Human periodontal ligament fibroblast (HPDLF) is a major component of the resident cells in the periodontal microenvironment, and plays important roles in periodontitis through multiple mechanisms. Although lipopolysaccharide (LPS) has been shown to cause endoplasmic reticulum (ER) stress and activate the unfolded protein response (UPR) in HPDLF, the mechanisms governing HPDLF function in periodontitis are unclear. In this study, we tested the ability of unfolded protein response (UPR) to regulate HPDLF in vitro and examined the underlying mechanisms. We found LPS-pretreated HPDLF induced macrophage polarization toward M1 phenotype. UPR activation reduced the inflammatory cytokine production and downregulated the expression of TLR4 in HPDLF. The phosphorylation of NF-κB p65 and I-κB was also inhibited by UPR activation. Our findings demonstrate that the connection of LPS, UPR, and HPDLF may represent a new concrete theory of innate immunity regulation in periodontal diseases, and suggest that targeting of UPR in HPDLF may be developed as a potent therapy for periodontitis.
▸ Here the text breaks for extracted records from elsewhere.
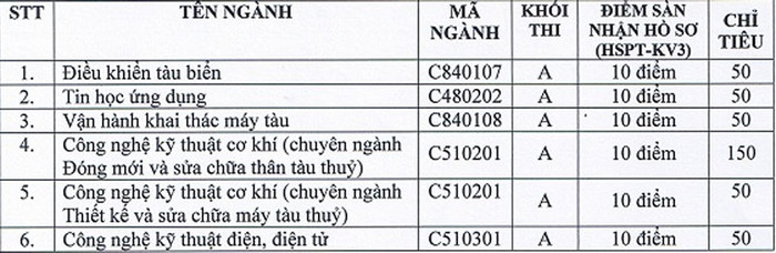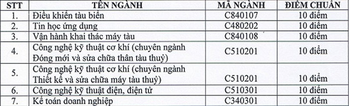 Trường CĐ Hàng hải I công bố điểm trúng tuyển vào trường như sau: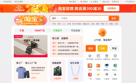 此次淘宝网宣布升级,正值淘宝创立21周年之际,淘宝510周年庆活动也在淘宝网页端上线,推出不同于手机淘宝的“电脑专场”,方便网页版用户优惠选购电脑及配件。5月9日淘宝网还将上线答题免单活动。
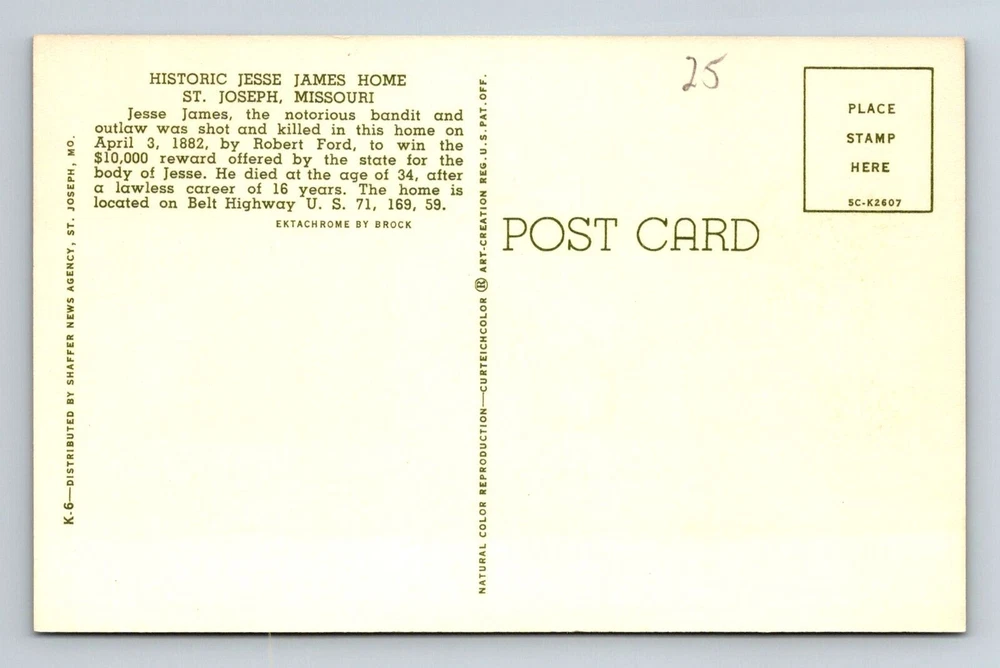 St Joseph MO-Missouri, Historic Jesse James Home, Vintage Postcard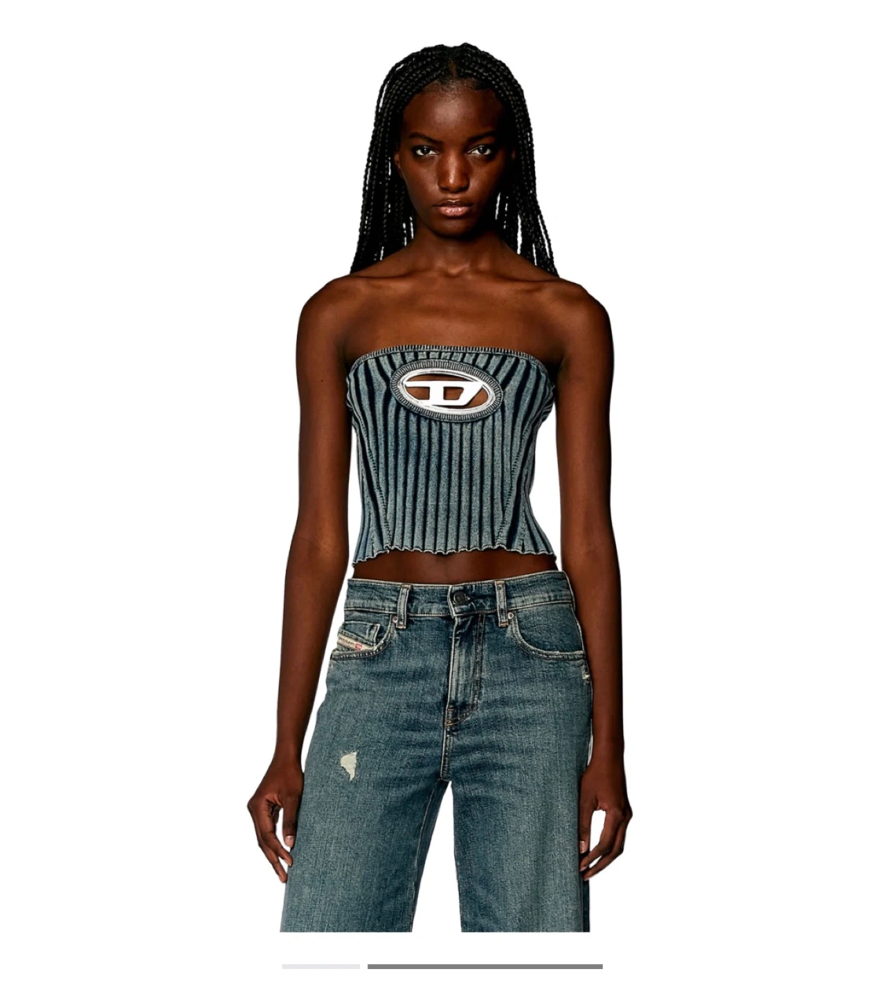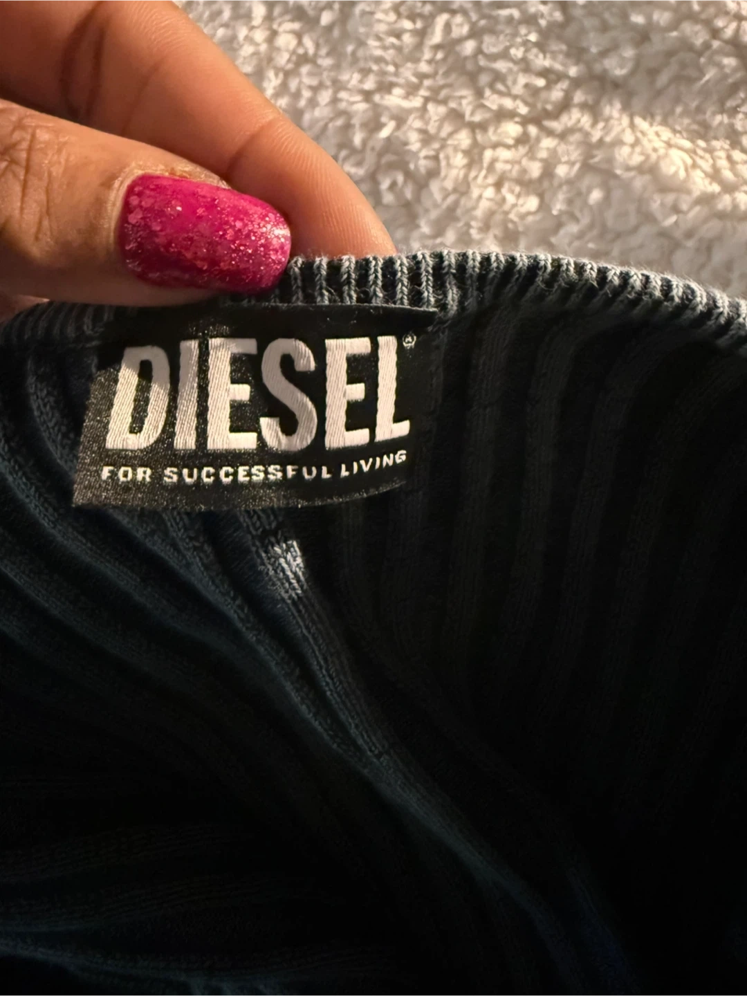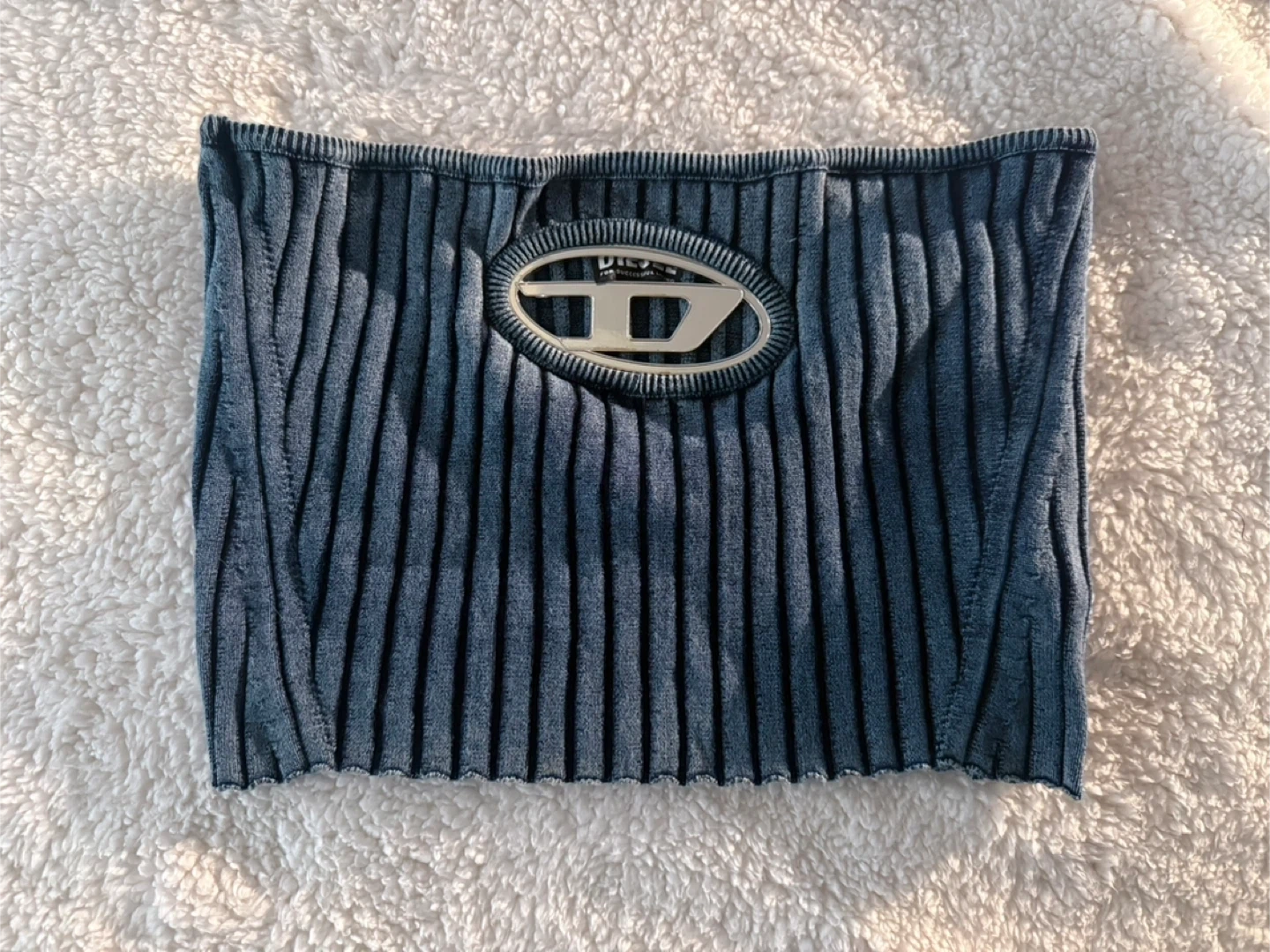 Diesel ribbed knit tube top in a blue color. It features the Diesel logo on the front. The material appears to be a soft, stretchy knit. Perfect for layering or wearing on its own!
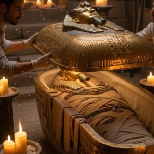 Archaeologists at a restricted subterranean site have revealed what is being described as one of the most visually stunning burial discoveries in recent decades: a fully gilded sarcophagus whose craftsmanship rivals the finest royal artifacts known to history. The chamber—lit only by controlled lamps and ceremonial candles during the unveiling—was found sealed beneath layers of […]

人牙周膜成纤维细胞（HPDLF）是牙周微环境中驻留细胞的主要成分，通过多种机制在牙周炎中发挥重要作用。尽管脂多糖 (LPS) 已被证明会引起内质网 (ER) 应激并激活 HPDLF 中未折叠蛋白反应 (UPR)，但在牙周炎中控制 HPDLF 功能的机制尚不清楚。在这项研究中，我们测试了未折叠蛋白反应 (UPR) 在体外调节 HPDLF 的能力并检查了潜在的机制。我们发现 LPS 预处理的 HPDLF 诱导巨噬细胞向 M1 表型极化。UPR 激活减少了炎性细胞因子的产生并下调了 HPDLF 中 TLR4 的表达。NF-κB p65 和 I-κB 的磷酸化也被 UPR 激活抑制。